PROBLEM TO SOLVE: In the material below, find the line containing "long $215 |" and the line containing "still offer special". Output those two lines and all lines between them exactly, without pictures.

DATA LISTING:

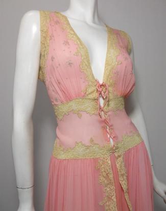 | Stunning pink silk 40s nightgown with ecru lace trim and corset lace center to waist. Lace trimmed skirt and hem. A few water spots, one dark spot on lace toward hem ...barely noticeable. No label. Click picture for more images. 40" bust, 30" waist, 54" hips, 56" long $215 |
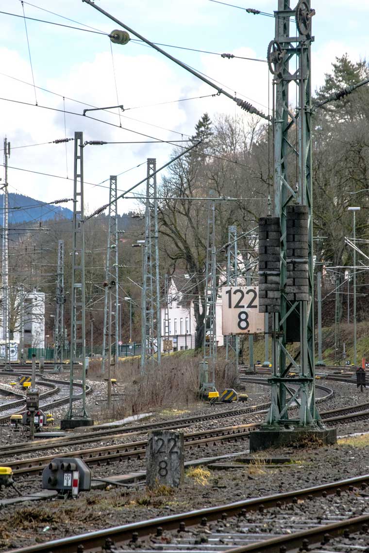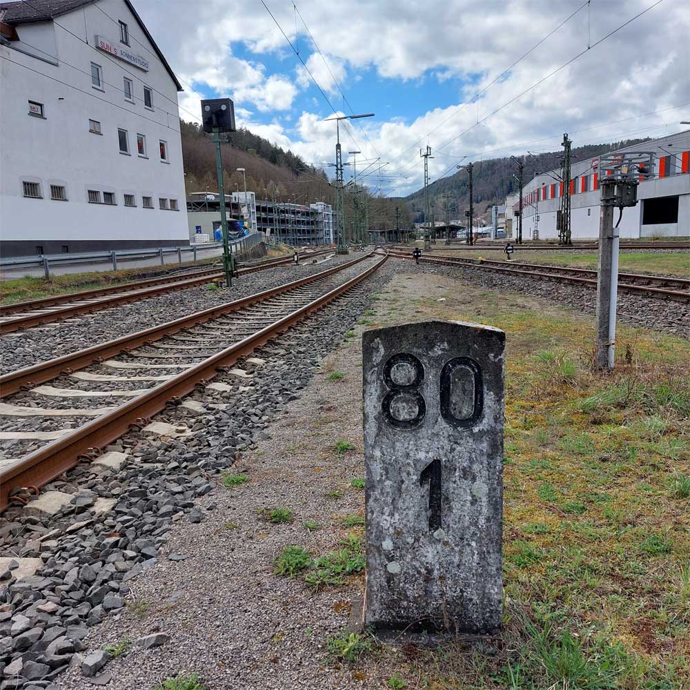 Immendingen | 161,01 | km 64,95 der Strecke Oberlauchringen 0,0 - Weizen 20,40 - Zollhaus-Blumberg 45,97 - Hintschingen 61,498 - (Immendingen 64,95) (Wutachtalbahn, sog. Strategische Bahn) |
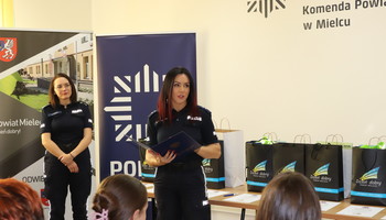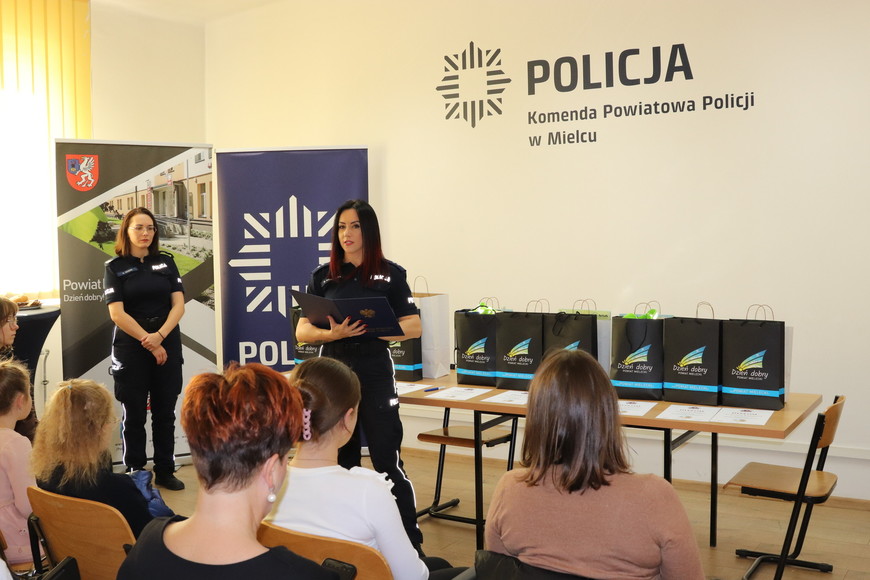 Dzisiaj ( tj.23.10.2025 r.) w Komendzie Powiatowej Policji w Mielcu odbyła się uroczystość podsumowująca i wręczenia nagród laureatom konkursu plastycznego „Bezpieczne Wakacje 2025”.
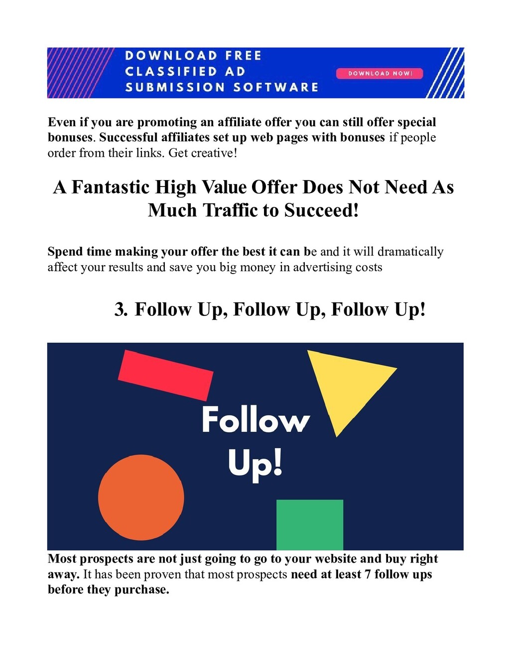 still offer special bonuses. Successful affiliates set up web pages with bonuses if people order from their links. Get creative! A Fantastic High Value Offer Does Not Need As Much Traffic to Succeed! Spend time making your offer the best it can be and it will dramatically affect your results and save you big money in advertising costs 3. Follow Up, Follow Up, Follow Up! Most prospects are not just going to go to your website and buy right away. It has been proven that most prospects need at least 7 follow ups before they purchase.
==
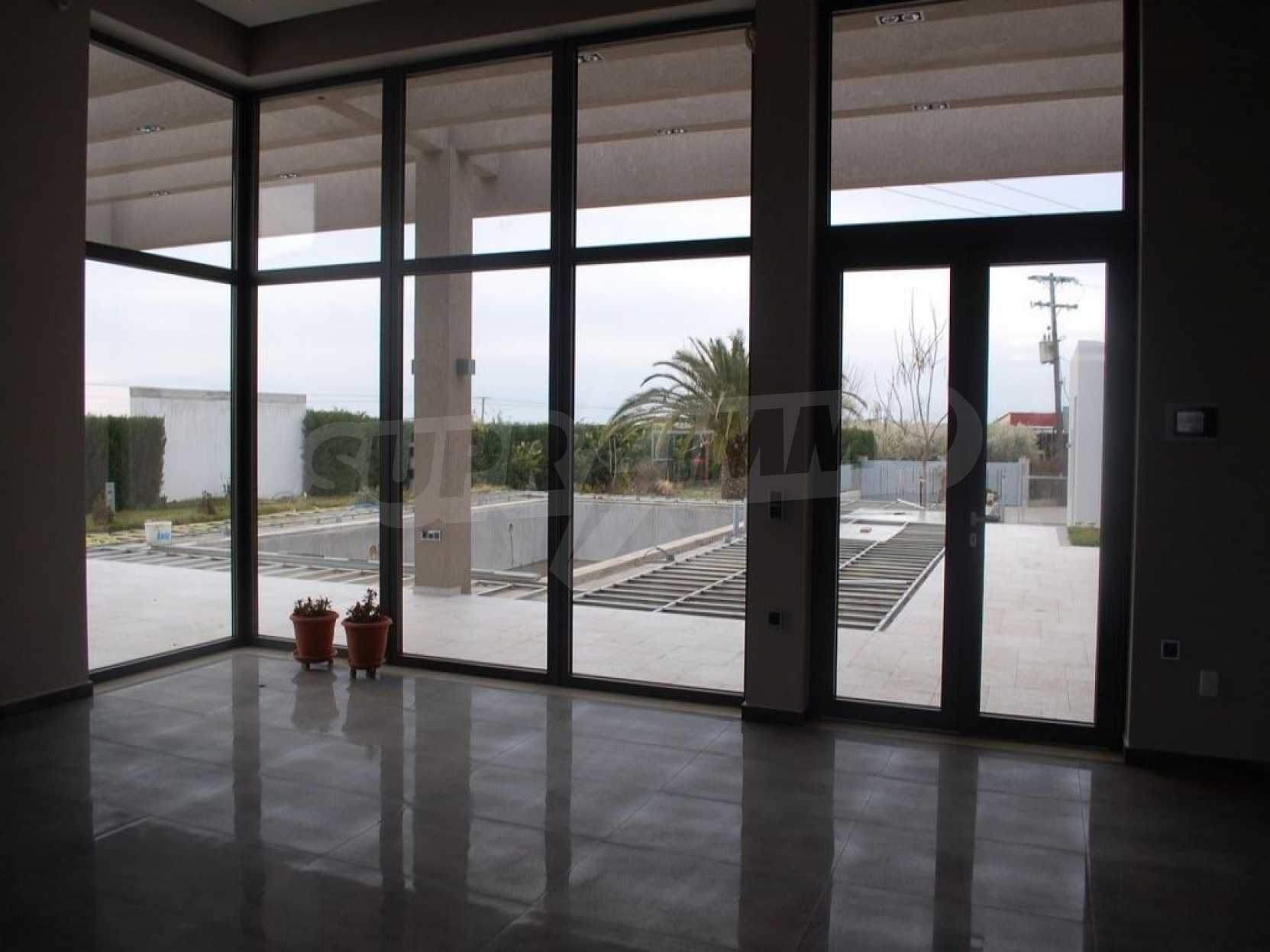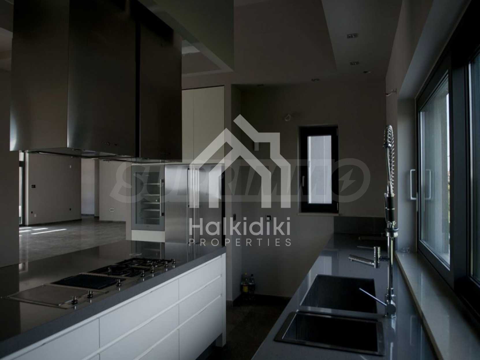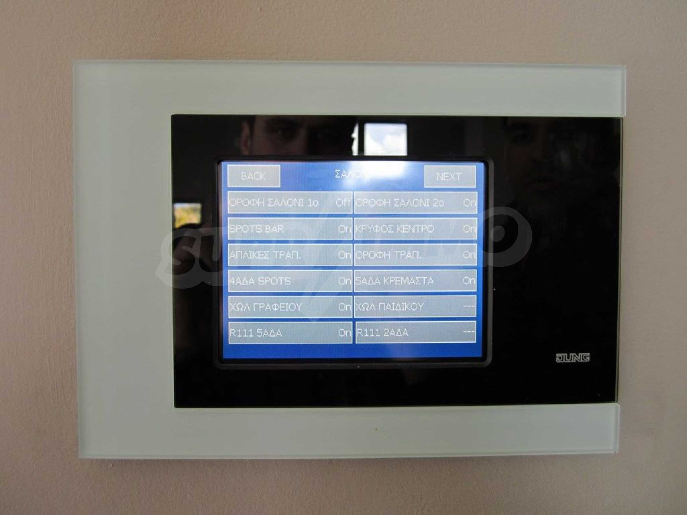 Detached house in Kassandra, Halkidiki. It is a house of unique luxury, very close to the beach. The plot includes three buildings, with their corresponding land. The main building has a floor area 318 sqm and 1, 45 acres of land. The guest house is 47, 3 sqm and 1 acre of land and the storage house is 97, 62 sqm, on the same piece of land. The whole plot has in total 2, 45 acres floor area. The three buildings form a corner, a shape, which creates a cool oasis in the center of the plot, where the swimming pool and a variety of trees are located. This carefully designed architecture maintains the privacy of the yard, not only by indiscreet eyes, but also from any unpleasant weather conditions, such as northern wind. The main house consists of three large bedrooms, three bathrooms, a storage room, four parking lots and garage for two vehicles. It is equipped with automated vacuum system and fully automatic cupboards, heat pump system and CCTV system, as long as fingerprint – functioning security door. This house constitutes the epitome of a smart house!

ANSWER BOX:
 | Stunning pink silk 40s nightgown with ecru lace trim and corset lace center to waist. Lace trimmed skirt and hem. A few water spots, one dark spot on lace toward hem ...barely noticeable. No label. Click picture for more images. 40" bust, 30" waist, 54" hips, 56" long $215 |
 Immendingen | 161,01 | km 64,95 der Strecke Oberlauchringen 0,0 - Weizen 20,40 - Zollhaus-Blumberg 45,97 - Hintschingen 61,498 - (Immendingen 64,95) (Wutachtalbahn, sog. Strategische Bahn) |
 Dzisiaj ( tj.23.10.2025 r.) w Komendzie Powiatowej Policji w Mielcu odbyła się uroczystość podsumowująca i wręczenia nagród laureatom konkursu plastycznego „Bezpieczne Wakacje 2025”.
 still offer special bonuses. Successful affiliates set up web pages with bonuses if people order from their links. Get creative! A Fantastic High Value Offer Does Not Need As Much Traffic to Succeed! Spend time making your offer the best it can be and it will dramatically affect your results and save you big money in advertising costs 3. Follow Up, Follow Up, Follow Up! Most prospects are not just going to go to your website and buy right away. It has been proven that most prospects need at least 7 follow ups before they purchase.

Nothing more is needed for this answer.